In the meantime, Psyence is not struggling for fresh capital. Just last week the group signed a subscription agreement with Cantheon Capital, a US-based fund “focused on listed biotech stocks with near-term catalysts” — for about $1.4m to fund clinical trials for the group’s natural psilocybin drug candidate PEX010 in Australia.

Then, further strengthening the local connection, Psyence raised capital in November and December last year when Kerzner invested about C$1.3m.

While the venture is still small by global pharmaceutical standards, Aufrichtig stresses that completing phase 2 clinical trials — where the efficacy of the products is tested — could have a huge impact on the valuation of Psyence. Two of the  biggest magic mushroom companies internationally — Compass Pathways with a market value of $331m and Atai Life Sciences with a market value of $450m — have both reached advanced stages of phase 2 testing.

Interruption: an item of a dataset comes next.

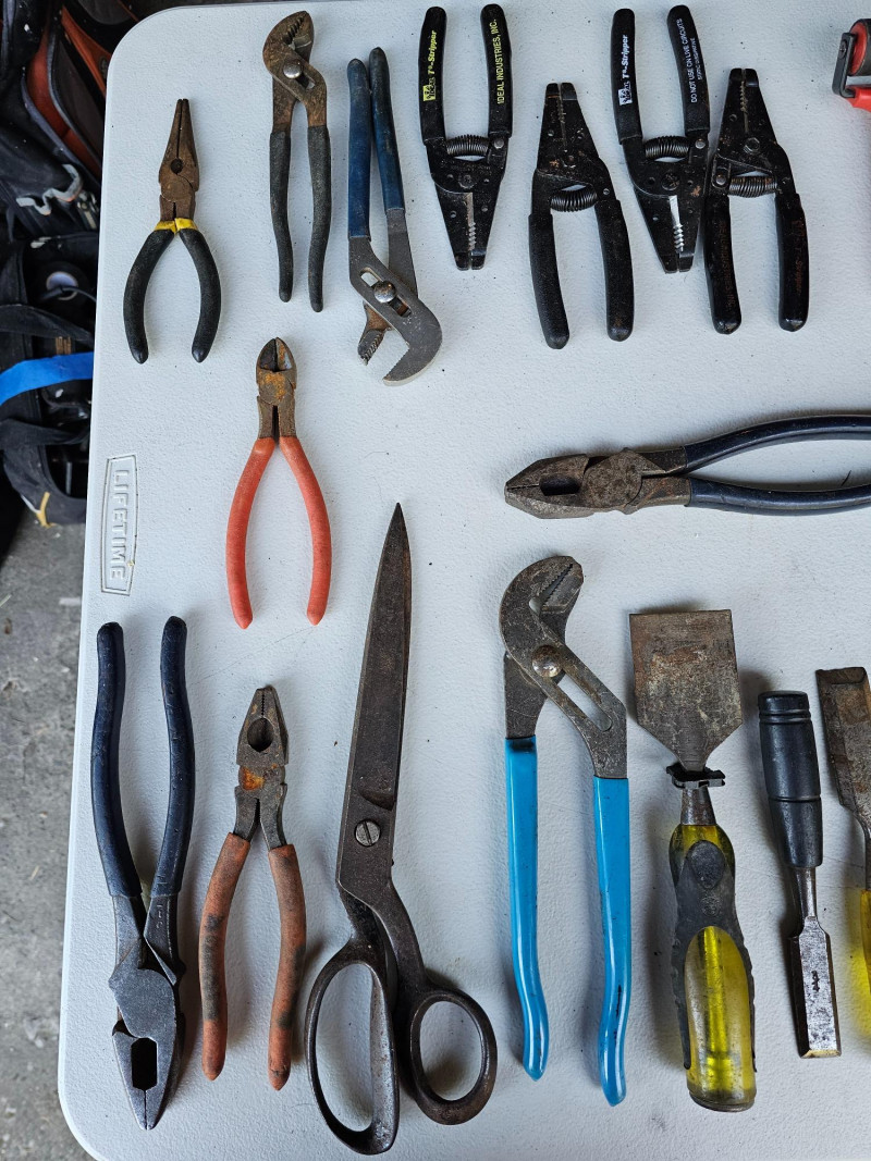 Lot # 239 - Tool Bag Full Of Pliers, Strippers, Chisels, Rollers & More!

The latest round of funding means Psyence’s phase 2b clinical trials in Australia, which will be conducted with partner Ingenū, can go ahead as quickly as possible.

Aufrichtig says Psyence could look at a dual listing in South Africa - possibly on the Cape Town Stock Exchange (CTSE) - once the Nasdaq listing is settled down and once there is progress in the phase 2 trials.

Interestingly, Cilo Cybin might be making a second rush for the JSE. Founder and CEO Gabriel Theron tells the FM that Cilo Cybin is by no means capitulating and that plans are afoot to capitalise the company. He says details will be disclosed shortly.

Theron says Cilo Cybin’s first attempt at listing showed the risk-averse nature of local investors. “We raised R20m from 2,000 small shareholders. There was not much interest from big investors.”

Feedback from the investment roadshow confirmed the need for an underwriter, a more focused business model and the need to have specific timelines for break-even and profitability. “With this in mind, we hope to be back within the next six months.”